I can think of no analogies to these non-securities. Their price or value is completely devoid of future income generation potential that allows one to price based on net present value. Indeed, value depends only enticing more people to invest, which allows you to quickly see why the industry feels the need to advertise for more future investors at every possible turn. 


I do believe that some digital currencies have some value. The Ethereum Protocol behind the Ether coin has some utility in decentralizing some financial functions. If such digital apps under the Decentralized Finance rubric succeed spectacularly, we may be able to trim a percent or three off of costs in sophisticated economies.

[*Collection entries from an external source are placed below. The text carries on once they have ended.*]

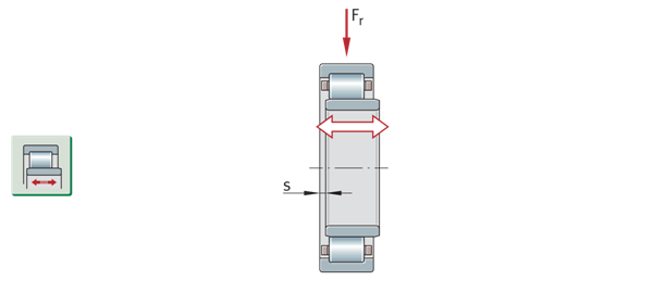 圆柱滚子轴承NU,非定位轴承,轴承内位移补偿 s=轴向位移距离 | ![]() |
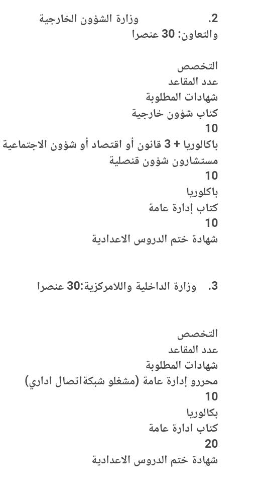 تعلن وزارة الوظيفة العمومية والعمل والتشغيل وعصرنة الإدارة والوزارات المذكورة أعلاه واللجنة الوطنية للمسابقات عن تنظيم مسابقة خارجية لاكتتاب469عنصرا للتكوين في المدرسة الوطنية للإدارة والصحافة والقضاء، و50 عنصرا وكلاء جمارك للتكوين في المدرسة الوطنية للشرطة، وستجرى المسابقة يوم السبت20 يوليو 2019 عند الساعة الثامنة صباحا في مباني المدرسة الوطنية للإدارة. تفتح هذه المسابقة …
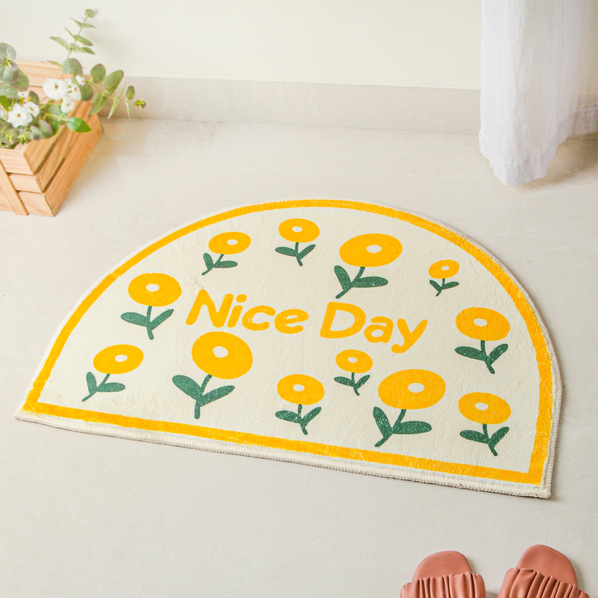 opt for this large semicircle rug in yellow with white flowers for a pleasant and lively ambiance in the living room. Keep the yellow rug at the foot of the bed to keep the feet warm. This half-circle mat will also quickly brighten the space where it is kept. The mat can be cleaned by both machine-wash and handwash, although handwash is recommended for longer durability.
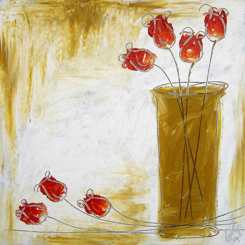 ID# 2147 | Arranging yellow tulips | Acrylic on canvas | 850 x 850 mm

In less developed economies where currencies have failed, banking is underdeveloped, and capital is difficult to mobilize, digital coin applications may even stimulate these economies by five or ten percent. 


Some of these efficiencies may be monetized by corporations associated with such coins. If so, there may be some value that can support such currencies from sinking to zero value. But, these potential future flows of revenue that may occur if such value can be tapped, diverted, and capitalized, are few and far between in the crypto world. The vast majority of digital coins offer no such utility. 


Certainly the incredible level of capitalization in the crypto industry, tallied in the trillions of dollars of coin value or exchange value, are completely disassociated with a flow of real future value. When there is no visible means of support, then such markets can sink dramatically. Only the willingness of some to prop up such markets for fear that, if they don’t, the entire game is over. 


Because of these factors, there is a lot of fear and loathing among the crypto bros these days. Unfortunately, because many investors must cover their losses by selling traditional and true securities, other markets suffer as well. There is no such thing as a disconnected and isolated market anymore. 


While we forget this lesson time and time again, when greed replaces common sense in financial markets, the level of fear rises and so does volatility. These are explosive mixes that merely need a spike in inflation, a pandemic, a major armed conflict, or many other such macro events for this explosive mixture to ignite. Wait, we have all these problems impinging on markets now!